Now I'm going plot several columns in the liquid_flow_table (because there are many columns). Again, let's take a look at the table again.


In [96]:
liquid_flow_table.head()


Out[96]:
Primary Ultrasonic mySum myMultiplication myPower CumulativeSum myDivision
8 18.19 17.45 35.64 317.4155 9.640079e+21 362.02 0.953462
9 18.19 17.67 35.86 321.4173 1.824920e+22 379.69 1.000000
6 28.55 27.23 55.78 777.4165 4.326677e+39 316.80 0.834365
7 28.55 27.77 56.32 792.8335 2.643515e+40 344.57 0.907503
4 39.62 38.02 77.64 1506.3524 5.658590e+60 251.10 0.661329

In [99]:
plotMyData(liquid_flow_table.Primary,liquid_flow_table.mySum)



In [100]:
plotMyData(liquid_flow_table.Primary,liquid_flow_table.myMultiplication)



In [101]:
plotMyData(liquid_flow_table.Primary,liquid_flow_table.myPower)



In [102]:
plotMyData(liquid_flow_table.Primary,liquid_flow_table.CumulativeSum)b



In [103]:
plotMyData(liquid_flow_table.Primary,liquid_flow_table.myDivision)


So 5 different plots, all in 5 lines! Imagine doing this in Excel! And in fact, programming is so awesome you can in fact not even have to copy&paste and do all that work.


In [104]:
liquid_table_columns_list = list(liquid_flow_table.columns.values)
liquid_table_columns_list


Out[104]:
['Primary',
 'Ultrasonic',
 'mySum',
 'myMultiplication',
 'myPower',
 'CumulativeSum',
 'myDivision']

In [106]:
for column in liquid_table_columns_list:
    plotMyData(liquid_flow_table.Primary, liquid_flow_table[column])b


So if you're not still sold over this, I don't know what will :)

If we have time, let's open our GASISData. If you open it in excel, you can see that it's a huge table. About 19220 rows and maybe 60 columns. Let's read the file in and see how pandas handle it.

I'm going to use something that's specific to Jupyter Notebook to time how long it reads in the data.


In [110]:
%%timeit
xls = pd.read_csv(r'C:\Users\jenng\Documents\texaspse-blog\media\f16-scientific-python\week2\GASISData.csv')


C:\Anaconda3\lib\site-packages\IPython\core\magic.py:193: DtypeWarning: Columns (23,24,27,28,29,51,52,61,126,135,136,141,142,143,145,146) have mixed types.

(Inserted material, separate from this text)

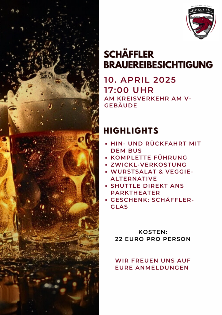 Am Donnerstag, den 27.03.2025, findet unsere traditionelle Kneipentour statt! Treffpunkt ist um 17:15 Uhr vor der BlackBox (Gebäude SV) der Hochschule. Bitte seid unbedingt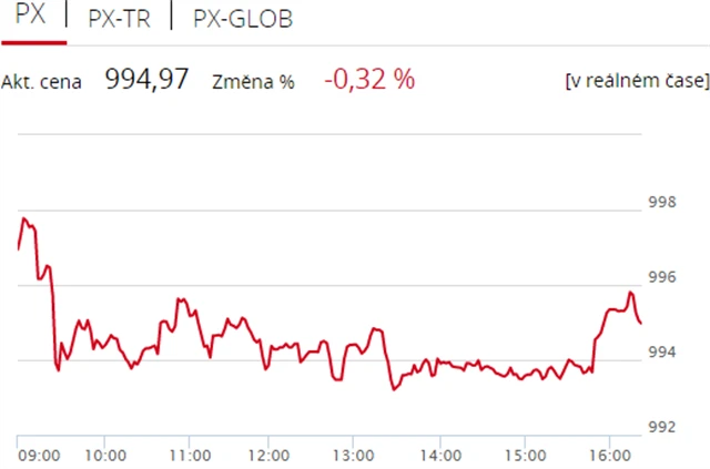 Pražská burza ve středu prohloubila ztrátu z úterní seance, když index PX odepsal 0,32 % na 994,97 bodu. Dolů burzu táhly akcie Komerční banky, Monety Money Bank a telefonního operátora O2 Czech Republic, dařilo se naopak tabákové firmě Philip Morris ČR a sázkařské společnosti Fortuna. Objem obchodů byl s 512 miliony korun podprůměrný.

Specify dtype option on import or set low_memory=False.
  call = lambda f, *a, **k: f(*a, **k)
C:\Anaconda3\lib\site-packages\IPython\core\magics\execution.py:1046: DtypeWarning: Columns (23,24,27,28,29,51,52,61,126,135,136,141,142,143,145,146) have mixed types. Specify dtype option on import or set low_memory=False.
  all_runs = timer.repeat(repeat, number)
1 loop, best of 3: 664 ms per loop

So took about 664 ms in total to read that in. That's pretty cool!